Extracted entries Start Marker
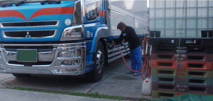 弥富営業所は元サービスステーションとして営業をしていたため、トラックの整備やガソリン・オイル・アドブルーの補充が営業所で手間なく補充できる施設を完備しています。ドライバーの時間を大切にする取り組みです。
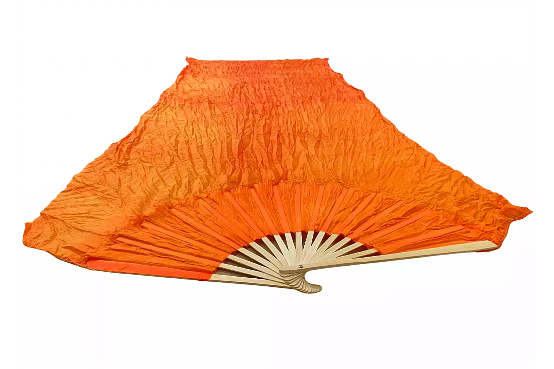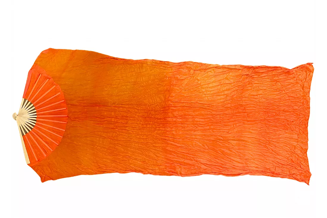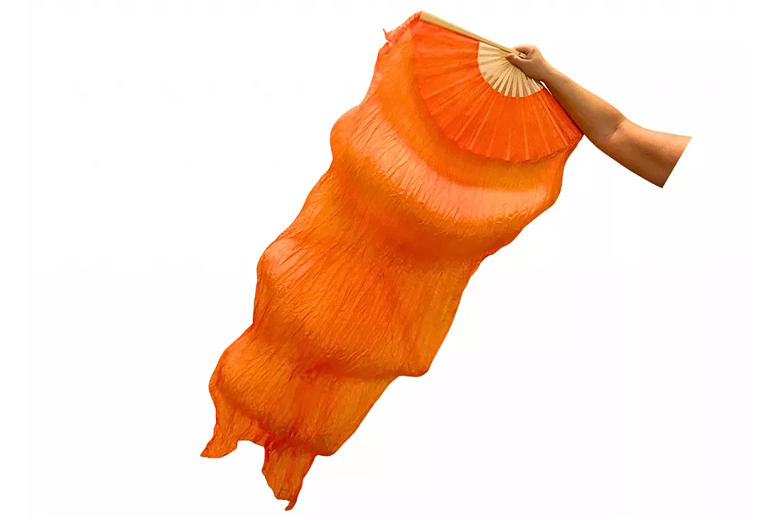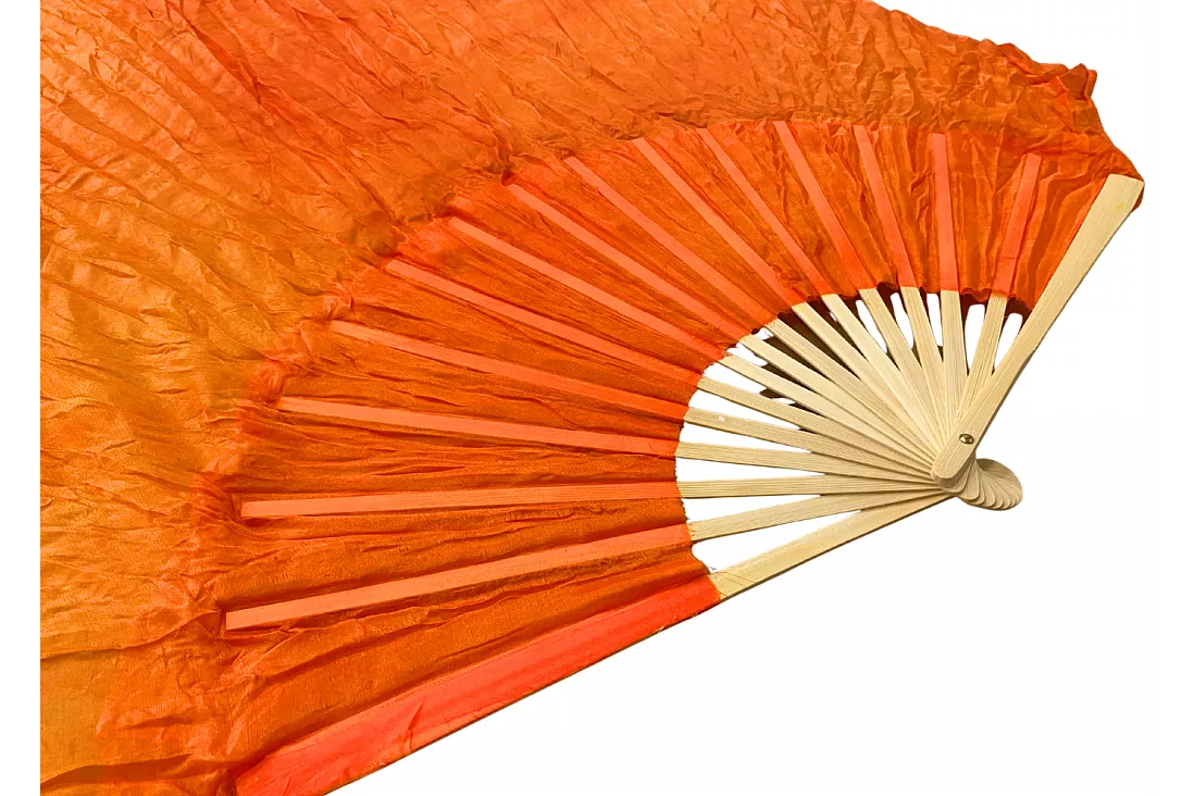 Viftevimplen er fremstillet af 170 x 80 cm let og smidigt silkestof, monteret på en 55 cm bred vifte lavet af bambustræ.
Extracted entries End Marker
Extracted entries Start Marker
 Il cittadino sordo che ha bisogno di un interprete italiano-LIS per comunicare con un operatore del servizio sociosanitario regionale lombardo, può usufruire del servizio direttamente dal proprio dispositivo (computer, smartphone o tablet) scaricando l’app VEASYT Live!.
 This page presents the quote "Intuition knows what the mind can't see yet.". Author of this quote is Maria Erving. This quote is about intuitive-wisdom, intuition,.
Extracted entries End Marker
_Work required_. Working from the material above, retype exactly the lines from the one with "Il cittadino sordo" through the one with "This page presents", both included, and only those lines.

_Response area_.
 Il cittadino sordo che ha bisogno di un interprete italiano-LIS per comunicare con un operatore del servizio sociosanitario regionale lombardo, può usufruire del servizio direttamente dal proprio dispositivo (computer, smartphone o tablet) scaricando l’app VEASYT Live!.
 This page presents the quote "Intuition knows what the mind can't see yet.". Author of this quote is Maria Erving. This quote is about intuitive-wisdom, intuition,.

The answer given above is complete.